Allagash Brewing Company is a brewery in Portland, Maine. The brewery specializes in Belgian style beers.

History
The brewery was founded in 1995 by Rob Tod in Portland, Maine. He observed that while both German and British style beers were available throughout the United States, Belgian-style beers were difficult to find. He established a small, 15-barrel brewery, and began brewing a beer modeled after a Belgian Wit beer, named Allagash White. The beer gets its flavor from the use of wheat in place of barley, as well as the addition of Curaçao orange peel, coriander, and other spices.

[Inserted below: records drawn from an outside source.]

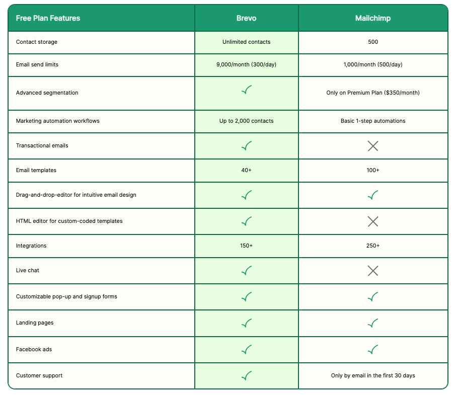 가장 큰 차이점- 메일침프는 주소록을 등록하기만해도 과금을 해야하지만, Brevo의 경우 주소록 등록은 무제한 무료, 이메일을 한달 9천개까지 무료로 보낼수 있다는 점이다. 물론 메일침프가 템플릿도 2배이상 많고, Integration을 지원하는 솔루션도 2배 가까이 많긴하지만, 이미 Brevo가 150개 이상의 Integration을 지원하고 있으니, 왠만한 대중적인 솔루션과의 연동은 어려움이 없다.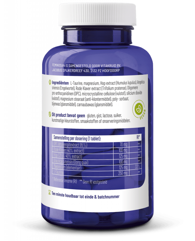Naast de overvloed aan werkzame stoffen in Feminosan, zijn we ook op zoek gegaan naar nutriënten die de opneembaarheid en werkzaamheid van rode klaver, hop en angelica sinensis bevorderen. In die zoektocht zijn we uitgekomen bij: magnesium, een duizendpoot voor de gezondheid, l-taurine, een waardevolle schakelaar en OPC, een turbo die de werkzame stoffen effectiever laat werken. Door de hoogwaardige hulp nutriënten in Feminosan is één tablet vaak al voldoende om het gewenste doel te bereiken.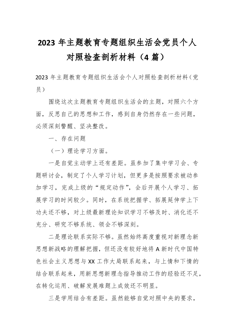 / (4篇)2023年主题教育专题组织生活会党员个人对照检查剖析材料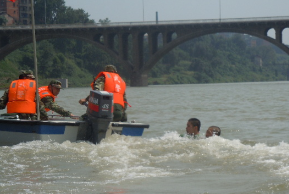實(shí)拍武警救援時被洪水沖走

All of the beers Allagash produces are bottle conditioned.  The technique calls for two fermentations, the first in the fermenting tanks and the second in the bottle itself (a process known as the methode champenoise). A coolship is used to cool the wort for some of the beers. Allagash was one of the first breweries in the US to build a traditional coolship for spontaneous fermentation by wild yeasts.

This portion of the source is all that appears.